Why You Keep Seeing Your Shirt Everywhere: The Brain’s Hidden Filters
Let’s say you buy a new shirt. You like it. It feels fresh, maybe even a little unique.
But then something weird happens.
You step out and notice three other people wearing the same style. You open your phone, and someone’s wearing it in a reel. You turn on the TV, and the host has on something almost identical.
Now it feels like the shirt is following you. But here’s the thing: it was always out there. You just didn’t notice it—until now.
This strange experience isn’t a coincidence, and it’s not a fashion conspiracy. It’s actually your brain working exactly the way it was designed to.
Psychologists call it the frequency illusion, and it has a lot to do with how your brain filters the world. Let’s break it down.
What Is the Frequency Illusion?
The frequency illusion happens when something new suddenly starts showing up everywhere—at least, that’s how it feels.
In reality, it’s not showing up more often. You’re just noticing it more than before.
The term “Baader-Meinhof phenomenon” is often used for this. It was first mentioned in the 1990s by a reader of the St. Paul Pioneer Press. They had just learned about a German extremist group and saw the name again the very next day. It felt like more than a coincidence.
Later, linguist Arnold Zwicky gave the experience a more formal name: the frequency illusion. According to Zwicky, this illusion is made up of two steps:
- Selective attention: Once something becomes important to you, your brain starts picking it out from the noise.
- Confirmation bias: The more you see it, the more you start believing it’s suddenly everywhere, even if it’s not.
As Psychology Today explains, “When we learn a new word, or buy a new car, and then come across it multiple times in short succession, the frequency illusion is at work.” This is your brain at full efficiency mode—filtering the world based on what you’ve recently tagged as relevant.
How the Brain Filters Reality
So, what decides what gets filtered in? That job belongs to a part of your brain called the Reticular Activating System, or RAS for short.
It sits in your brainstem and acts like a gatekeeper. Every second, your senses pick up millions of pieces of information. The RAS chooses which parts are allowed into your conscious mind.
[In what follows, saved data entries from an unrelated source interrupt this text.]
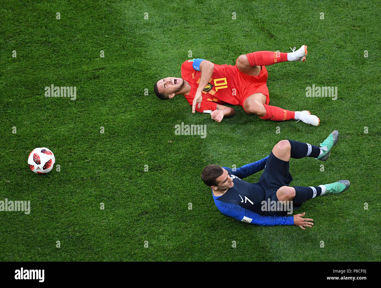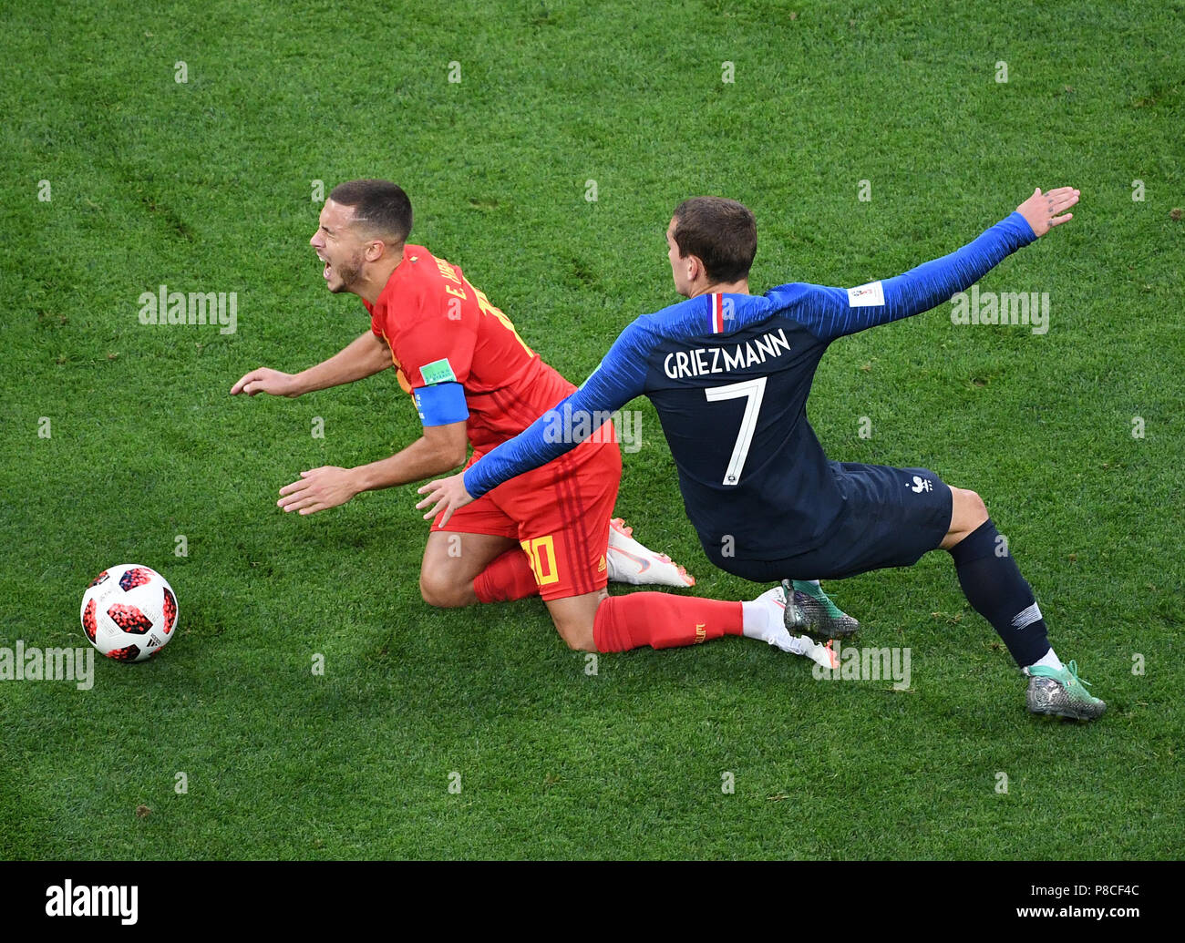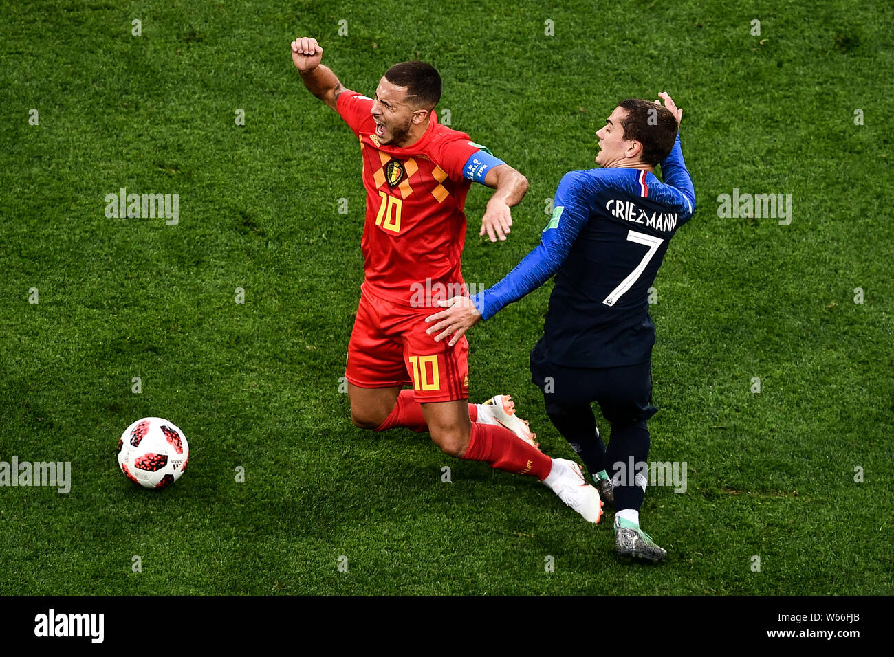 Eden Hazard Of Belgium And Antoine Griezmann Of France Fall On The
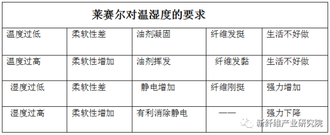 莱赛尔生产过程中,温湿度的控制对莱赛尔质量有很大的影响,莱赛尔在生产过程中如果温湿度不稳定,就会造成莱赛尔纤维的质量不稳定。温度过低,纤维柔性差,油剂凝固,纤维发挺,在纺纱过程中生活不好做;温度过高,柔软性增加,油剂挥发,纤维容易发粘,容易出现丝束,在纺纱过程中生活不好做;湿度过低,柔软性差,静电增加,纤维刚挺,强力增加;湿度过高,柔软性增强,有利于消除静电,但是强度下降。
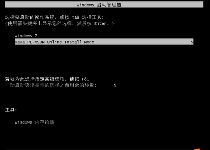 4、來到啟動頁面選擇kaka pe-msdn項進入pe系統內。
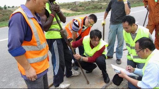 为了深入了解造成路面损坏的主要原因和后期处理方案,孟书涛等专家组人员深入现场对路面病害原因进行了调查,通过现场取样,室内和现场试验,取得了第一手资料,并在此基础上,经理论分析,在最短的时间内为中国建筑股份公司刚果项目部提交了详尽的补强设计、处治方案和技术咨询报告,为刚果参建各方提供了强有力的技术支撑。
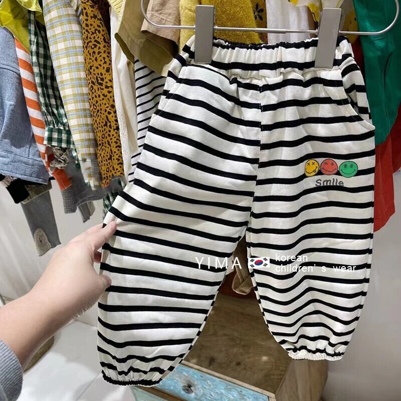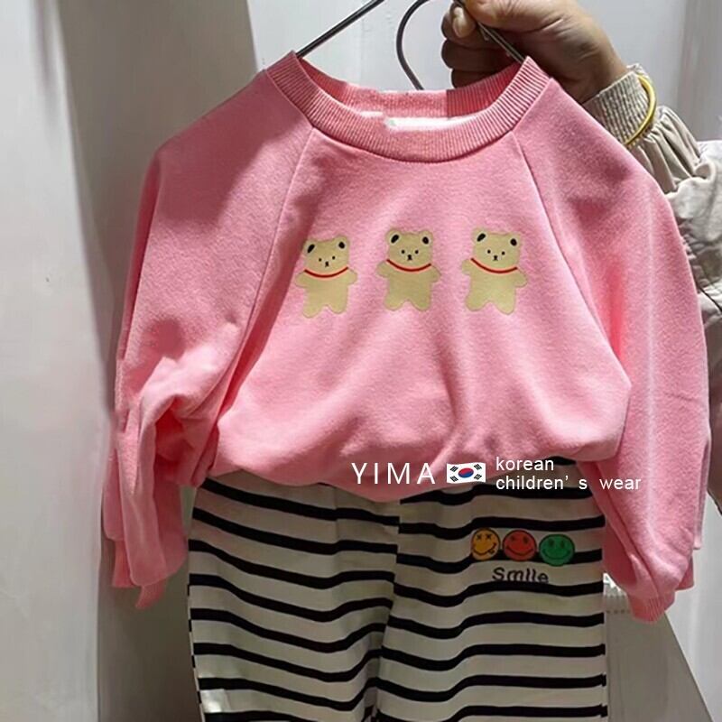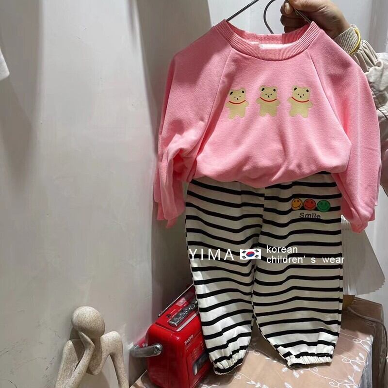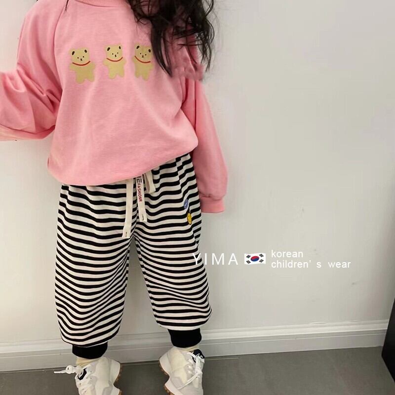 色:ストライプカジュアルパンツ,ピンクのセーター
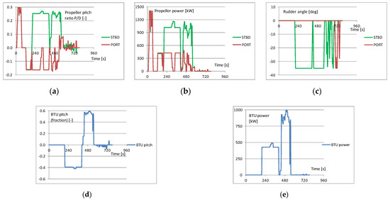 Representative time history of basic kinematic parameters of ferry test manoeuvre—joystick steering case ‘j/s #7’: (a) main propeller pitch ratios (–); (b) main propeller powers (kW); (c) rudder angles (°); (d) BTU pitch (fraction of max., i.e., ∈[−1; +1]); (e) BTU power (kW).
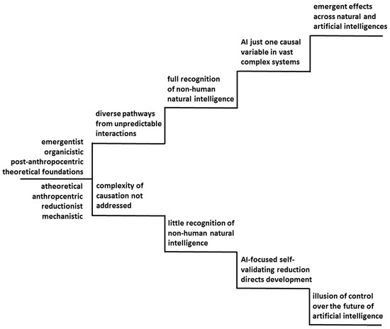 The current framing of AI promotes improving the performance and integration of technologies to enable more sophisticated AI for human purposes. In parallel, philosophical thought experiments are promoted exploring the machine/robot ethics of AI implementations and their potential effects on human beings [87,88,89]. Here, it is argued that the current framing of AI research and philosophy will involve further expansion of the technosphere at the expense of the geosphere as more natural resources are dug up, converted, transported, etc., and more forms of natural intelligence are harmed in the process [54,55,56,57,58]. Moreover, current framing does not promote MI: that is, multi-intelligence hybrid beings and systems combining both natural and artificial intelligences. It has been argued that the current framing of AI research and philosophy needs to be widened. This is because framing provides lasting rationale for thoughts, decisions and actions—even when risks and failings are evident [8,9,10,11,12,13,14,15]. Widening the current framing can be accomplished with reference to scientific research and theories concerned with the nature of intelligence across lifeforms [4,5,6,7]; causation amidst unplanned and planned complexity [44,45]; and emergence from edge effects between formal and informal organizations [79,80,81].
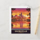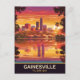 Gainesville-vykort. Solnedgång över Gainesville, Florida. Stadskylten på vattenfronten. Resevykort i vibrerande färg.
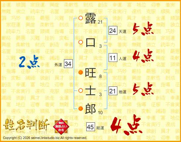 露口旺士郎さんの総運は45画の4点!
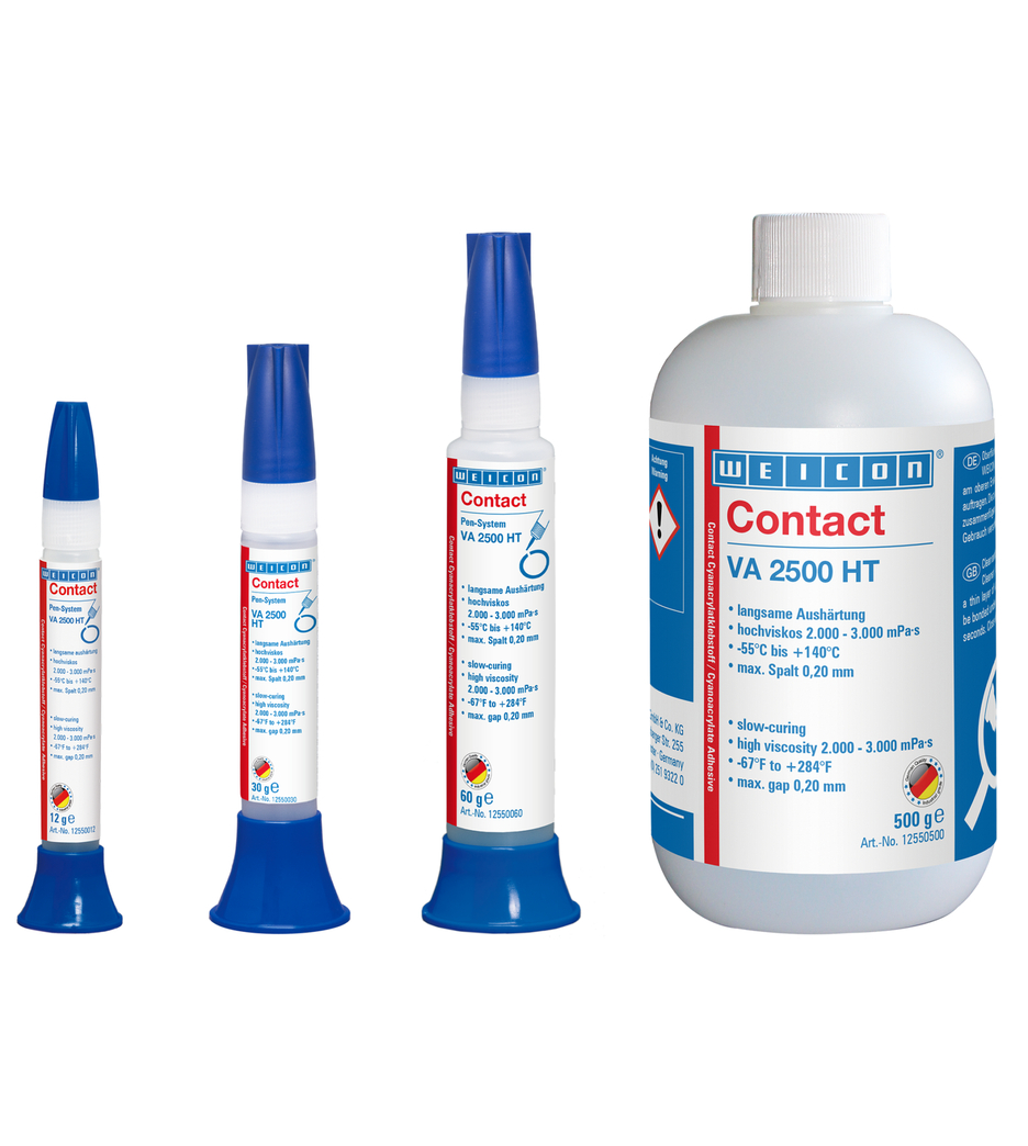 Karena pengawetan dengan elastisitas residual, WEICON Contact VA 2500 HT sangat cocok dalam kondisi iklim yang berubah-ubah. Ini tidak sensitif bahkan terhadap paparan kelembaban yang berkepanjangan. Contact VA 2500 HT cocok untuk pengikatan bahan karet dan plastik yang paling beragam dan juga untuk sambungan logam / plastik. VA 2500 HT dapat digunakan di banyak area industri yang berbeda.

Think of it like a security guard standing outside a nightclub. Only the most important signals get in. And what counts as important depends on your current goals, thoughts, and focus.
Here’s an example. Let’s say you’re waiting for a phone call. You’ll notice your ringtone immediately, even in a noisy room. That’s your RAS in action—prioritizing what matters to you in that moment.
Now apply that to the shirt you just bought. Because you recently spent time thinking about it, buying it, and wearing it, your RAS now considers shirts like that to be “important.” So it brings them into your awareness wherever they show up.
Neuroscientist David Eagleman sums this up well:
Our brains are constantly making decisions about what to pay attention to and what to ignore. Much of what we call ‘reality’ is just what the brain allows through.
Your Attention Works Like a Flashlight
This process also ties into something called selective attention. It’s the idea that your focus is like a flashlight in a dark room. Whatever the light lands on becomes visible. Everything else fades into the background.
The world doesn’t change. Your focus does.
And that creates a kind of everyday blindness. You might walk past the same object ten times and not notice it. But the moment it becomes relevant—maybe you’re told to look for it—it jumps out instantly.
Professor Anil Seth, a leading neuroscientist, puts it like this:
We don’t just passively perceive the world. We actively construct it.
In other words, you’re not just receiving reality. You’re editing it in real-time.
Why This Happens and Why It Matters
Our brains filter out most information to keep us from getting overwhelmed. That’s a good thing. Without it, daily life would feel like trying to drink from a firehose.
But these shortcuts come with side effects.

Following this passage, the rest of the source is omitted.